Yesterday one of her teachers asked E to tell me how many babies she has been opining we should really have. Three thousanty and nine! she sagely nodded to me, reaching her arms to the sky. I assured her that that is not to be. Well, why? she whimpered, crestfallen. “Well, for one thing, you have the biggest kid’s bedroom. So we’d have to move out your bookshelves and your dressers and your toy bench and all of your toys and books and everything to make room for so many cribs.” No, we wouldn’t, she asserted. We would just put all those babies in my bed and I’d rock them all to sleep because I have a lot of might. She flexed her biceps '80's-Venice Beach-style as evidence.

This afternoon one of her teachers asked E to tell me the name she has selected for us to bestow on the baby. Shahkshee Shahkshee, (sp?) (???) (?!!) she pronounced definitively. I asked her, “how do you spell that?” She spelled her own name. Because she’s the biggest sister, she explained. So the baby should have her spelling.

As a creature who truly believes she should dictate Manifest Destiny, we were apprehensive that news of our modifying family tree wouldn’t please that child one bit. But I’m starting to think:

she’s a teeny bit excited.

Wednesday, July 15, 2009

Gestures

The girls and I got home first tonight. We set up dinner, we played, we read books on the couch and I indulged the elder's request for a TV show.

The lovely husband got home second tonight. He walked into the house with a bouquet of flowers in his hand. Oooh!! what are those? E asked. L echoed: oooh!! Their daddy said to them: "they're flowers for Mommy!"

E asked: can I see? and her daddy said, "come here, you can give them to her."

L ran faster. She grabbed the flowers from her daddy and repeated herself. Oooh!!

E moaned. I wanted to give them to Mommy!

The daddy replied: "Come here and hold them together and you can both give them to her."

And so they did. From the edge of the kitchen to my corner of the couch, they walked slowly together, flowers in hand(s), looking like lovely conjoined flower girls in a solemn wedding processional. Slowly they walked, carefully, step by step by step, clutching the beautiful roses so carefully, so deliberately, walking in sync and slowly, until they delivered their fragrant parcel to me.

All without ever once averting their eyes from their beloved animated playmate.

Flowers for Mama. But don't look at Mama.

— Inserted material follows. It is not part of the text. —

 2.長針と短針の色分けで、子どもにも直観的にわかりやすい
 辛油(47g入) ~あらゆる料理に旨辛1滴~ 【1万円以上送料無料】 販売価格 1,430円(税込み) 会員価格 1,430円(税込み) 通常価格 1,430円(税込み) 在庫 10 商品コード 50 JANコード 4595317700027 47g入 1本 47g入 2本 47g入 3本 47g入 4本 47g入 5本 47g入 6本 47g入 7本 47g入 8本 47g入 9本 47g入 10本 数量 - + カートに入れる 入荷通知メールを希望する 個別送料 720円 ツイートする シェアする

They did it half-right. But Lovely Husband, you still get full credit. 'Twas a sweet surprise.

Monday, July 13, 2009

Start spreading the news

This weekend we told E about her future sibling, Groundhog. She received the information well. Yay! Yay! Yay!

And then she questioned: she lifted my shirt and poked me in the navel. There’s a baby in there?

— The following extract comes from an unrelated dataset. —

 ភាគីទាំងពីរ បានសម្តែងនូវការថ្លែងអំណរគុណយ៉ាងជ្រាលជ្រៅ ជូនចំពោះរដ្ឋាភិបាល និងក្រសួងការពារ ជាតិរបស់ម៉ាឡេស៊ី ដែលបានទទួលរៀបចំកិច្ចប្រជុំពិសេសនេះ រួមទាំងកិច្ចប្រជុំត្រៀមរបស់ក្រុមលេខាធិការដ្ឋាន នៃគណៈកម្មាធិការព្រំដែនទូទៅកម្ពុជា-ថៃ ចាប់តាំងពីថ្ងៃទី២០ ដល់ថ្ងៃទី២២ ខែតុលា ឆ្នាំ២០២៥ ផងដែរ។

And then she saddened: But I don’t want there to be three of us. I like us now, not with three of us.

And then she vacillated: I don’t want you to have three kids. I want you to have SIXTEEN kids!

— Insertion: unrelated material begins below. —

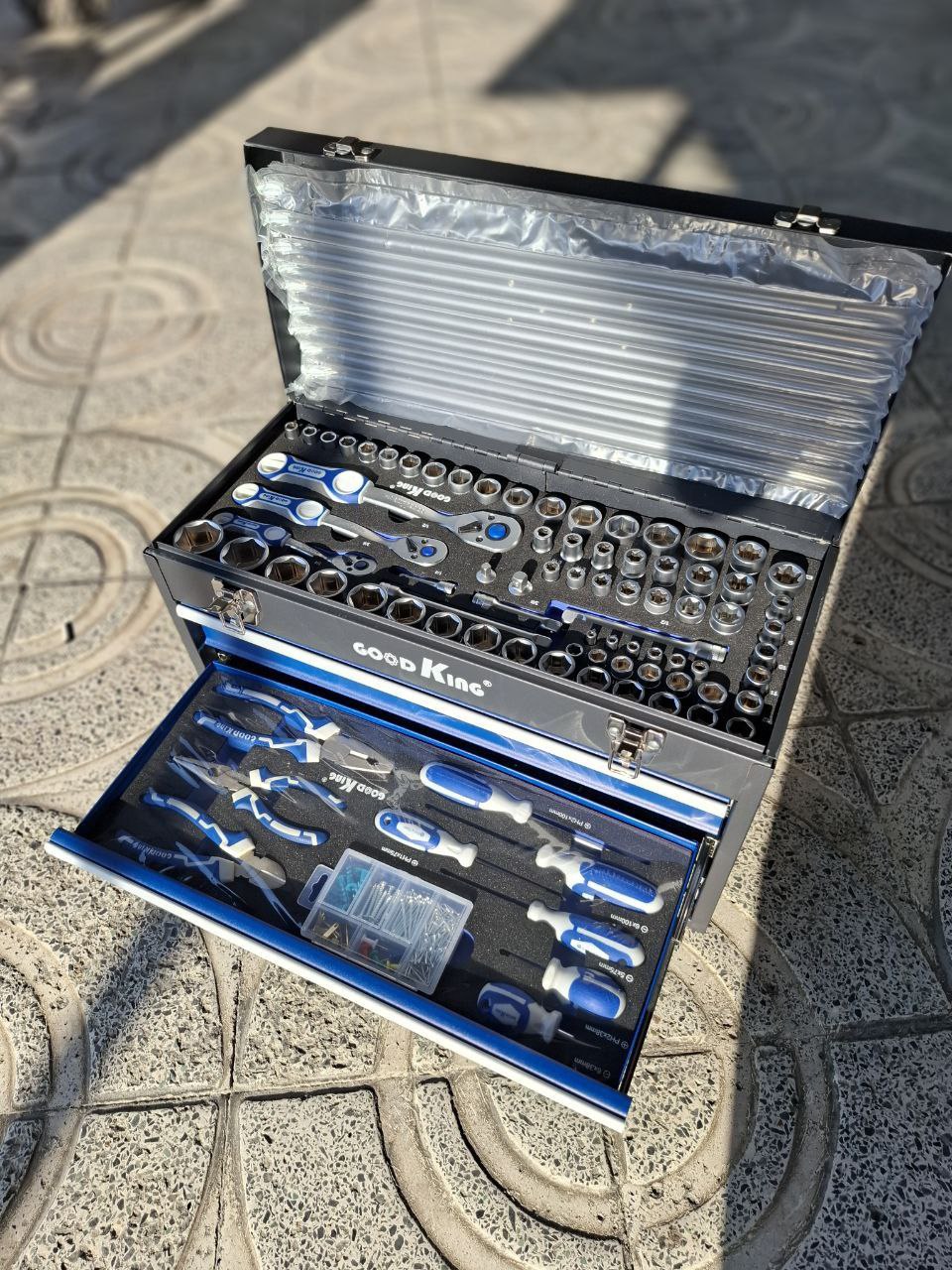 جعبه بکس 408 پارچه گودکینک مدل 408P اصلی، انتخابی بینظیر برای حرفهایها! این مجموعه کامل با کیفیت بالا و دوام فوقالعاده، تمامی نیازهای تعمیراتی شما را برآورده میکند. طراحی ارگونومیک و دستههای ضد لغزش برای راحتی بیشتر. همین حالا خرید کنید و تجربهای متفاوت از ابزارآلات را رقم بزنید!

And the she sought validation: but I’m still your first baby, right, Mama?

And then she found her niche: I’m a big sister and I’m going to be a big BIG sister and L’s never been a big sister and I’m going to teach her EVERYTHING I KNOW!

All week long we passed a candy shop on the boardwalk selling Uglydolls and a bright purple one kept beckoning to E. Yesterday while L napped I took E back to the beach one last time so we could collect a few more rocks and shells and say goodbye to this place that has so captured her heart. As we passed the candy shop for the final time on our last walk away from the beautiful Atlantic waves, I paused. Thinking why not get the girls a memento, I bought the bright purple doll for E and a pink counterpart for her sister.

We ran into the house one last time just as L finished her nap and the lovely husband finished our packing. E rushed to her sister (who, yes, was so thoroughly tuckered from our morning adventure that she fell asleep half-naked on the floor) and presented her with her new pink bundle of joy.


Having delivered her sister's gift, E then ran to find her daddy. She proudly held her purple doll up high for him to see. Daddy! Daddy, look! This is my new kid. I just got him. I just got him out. He was in my belly.